Brandon Garrett

Justice Thurgood Marshall Distinguished Professor of Law

Brandon Garrett

Brandon Garrett is the Justice Thurgood Marshall Distinguished Professor of Law at University of Virginia’s School of Law. His research on the criminal justice system has ranged from the lessons to be learned from cases where innocent people were exonerated by DNA tests, to research on false confessions, forensics, and eyewitness memory, to the difficult compromises that prosecutors reach when targeting the largest corporations in the world.

Garrett’s latest book, Too Big to Jail: How Prosecutors Compromise with Corporations, takes readers into a complex, compromised world of backroom deals, for an unprecedented look at what happens when criminal charges are brought against a major company in the United States. It is currently being translated in Taiwan and Spain. In 2013, Foundation Press published a casebook “Federal Habeas Corpus: Executive Detention and Post-Conviction Litigation,” that Garrett co-authored with Lee Kovarsky.
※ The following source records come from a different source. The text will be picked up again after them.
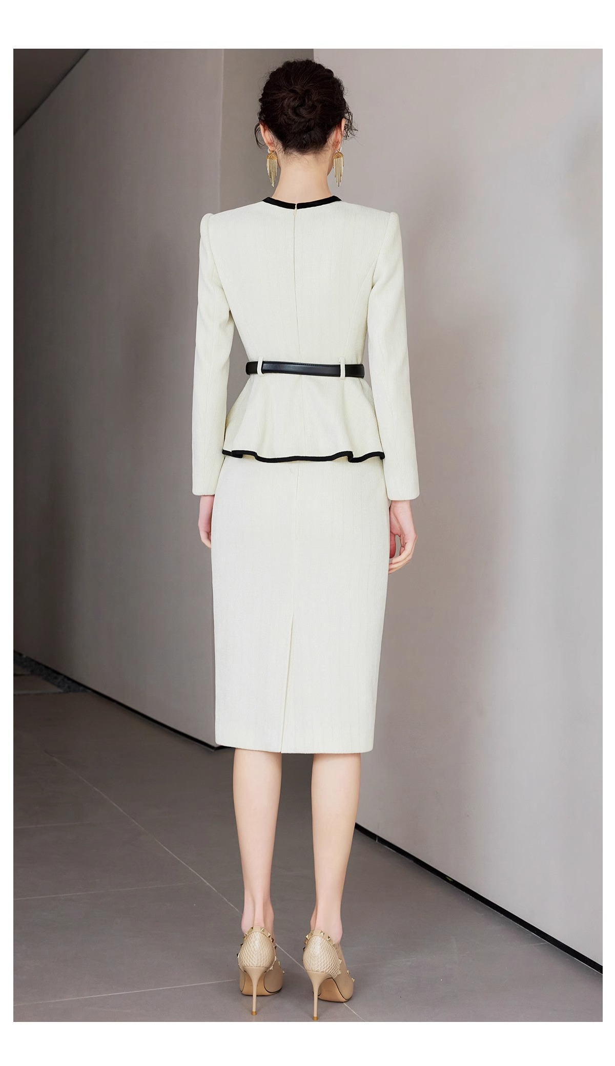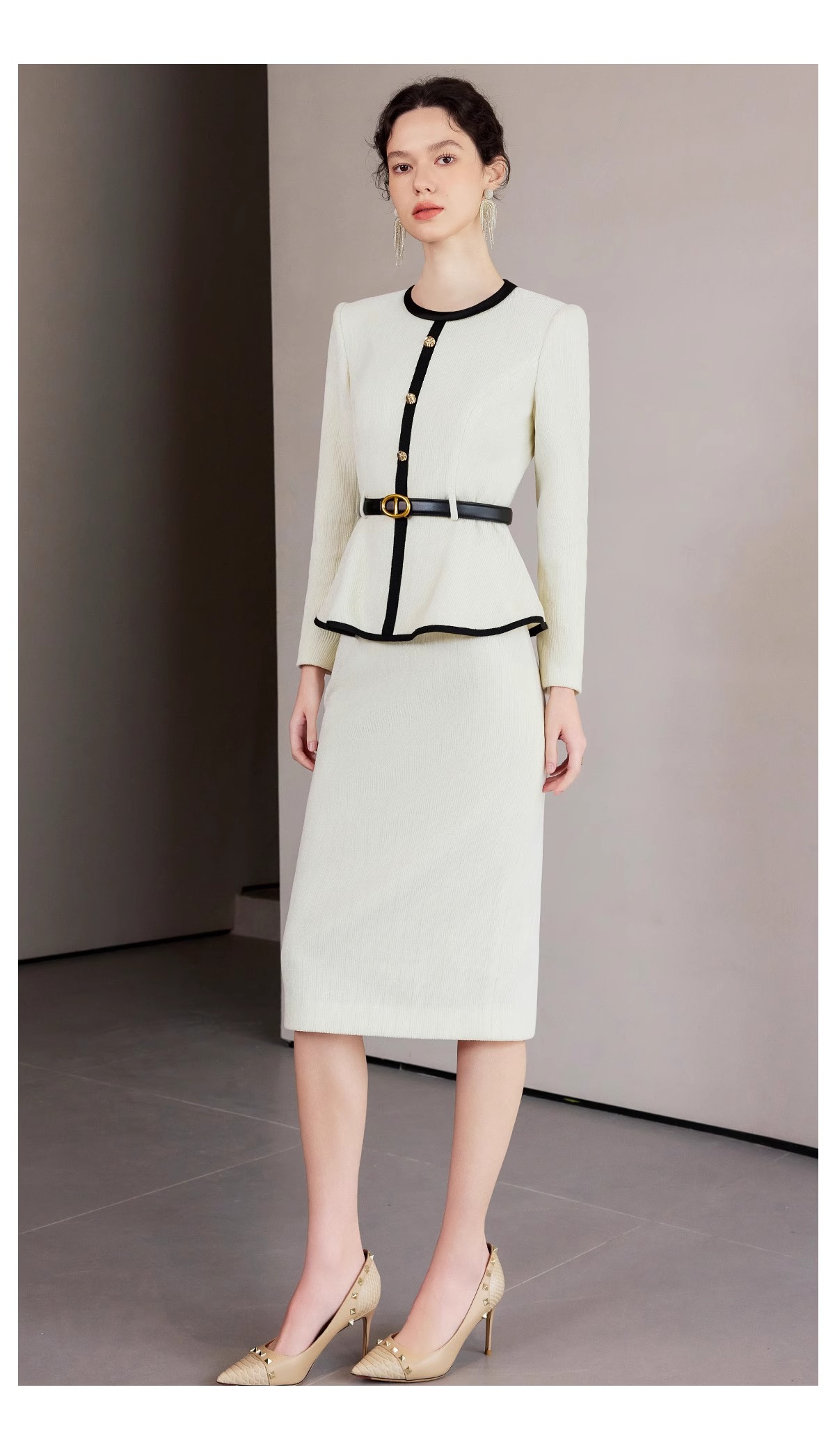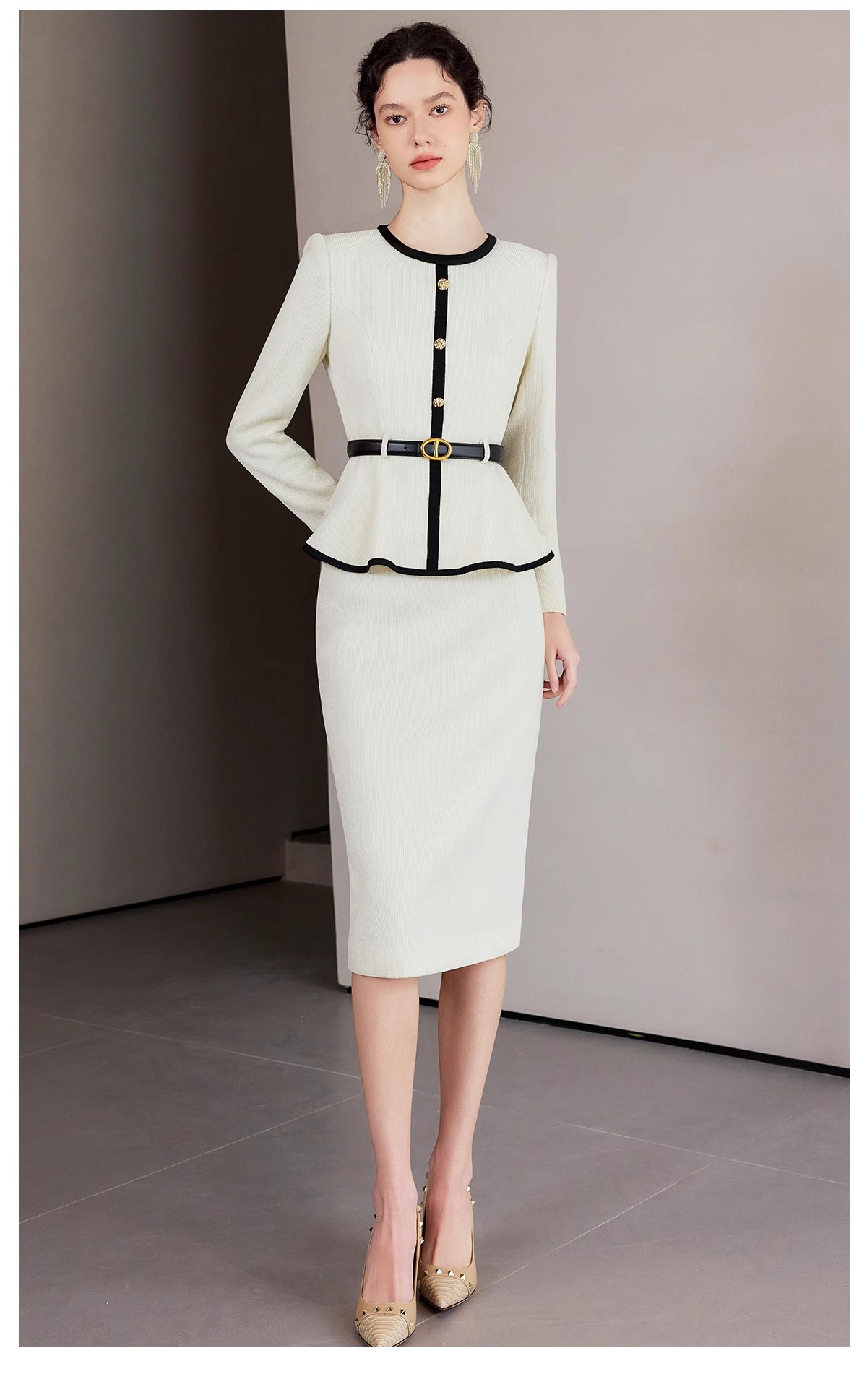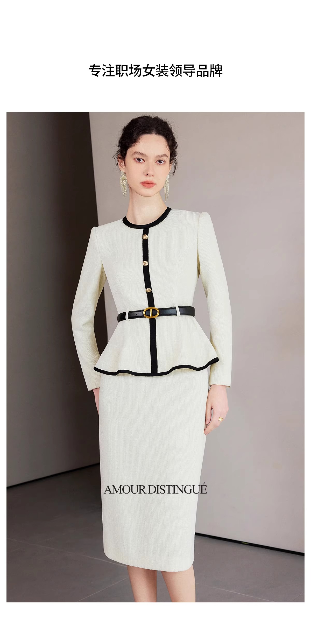 IWY/春季米白色长袖两件套女士职业装套装主持接拼小香风千金风西装裙CS2218
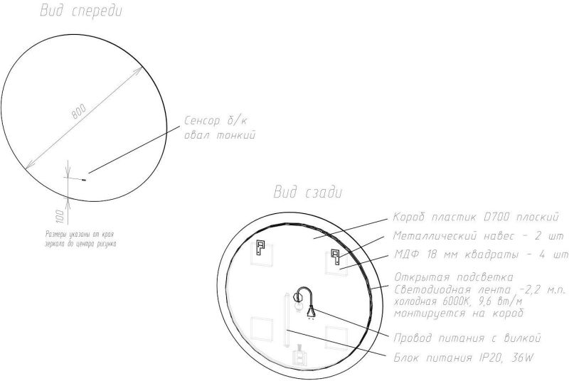 Тип:зеркало с подсветкой
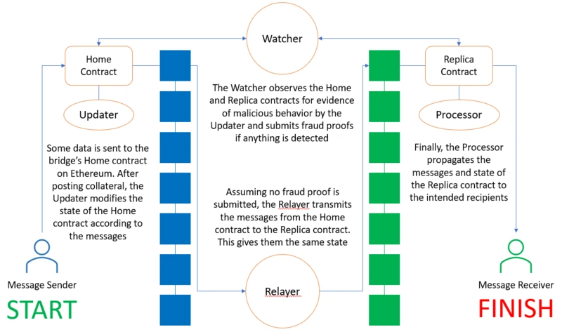 这种特殊类型的跨链桥利用位于不同链上的两个合约地址(称为主合约和副本合约)以及四个接受激励的链下不同参与者,实现跨链发送消息。该类别中最著名的协议或许是 Nomad,它使得多链应用程序实现更轻松地跨区块链生态系统进行通信。让我们通过一个从以太坊向 Polygon 发送消息的简化示例来解释它的工作原理:
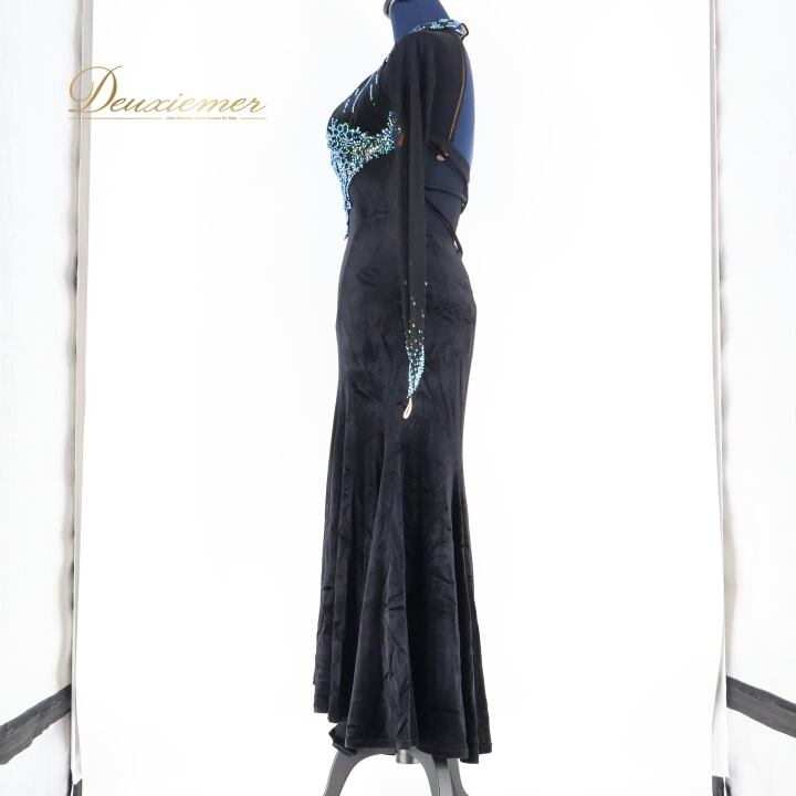 社交ダンス 衣装 ワンピース ドレス ベロア 黒 高級感 デモ 競技 パーティ 発表会 緑 青 クロッチ ブラック系 エレガント フォーマル 競技会 女性用 大人用 おしゃれ 上品 ストレッチ パーティードレス クラシック

In 2011, the Harvard University Press published Garrett’s book, “Convicting the Innocent: Where Criminal Prosecutions Go Wrong,” where he examines the cases of the first 250 people to be exonerated by DNA testing. That book was the subject of a symposium issue in New England Law Review, and received an A.B.A. Silver Gavel Award, Honorable Mention, and a Constitutional Commentary Award. It is has been translated in Japan and Taiwan.

Garrett’s work has been cited by courts, including the U.S. Supreme Court, lower federal courts, state supreme courts, and courts in other countries, such as the Supreme Courts of Canada and Israel. Garrett frequently speaks about criminal justice matters before legislative and policymaking bodies, groups of practicing lawyers, law enforcement, and to local and national media. He attended Columbia Law School, where he was an articles editor of the Columbia Law Review and a Kent Scholar. After graduating, he clerked for the Hon. Pierre N. Leval of the U.S. Court of Appeals for the Second Circuit. He then worked as an associate at Neufeld, Scheck & Brustin LLP in New York City.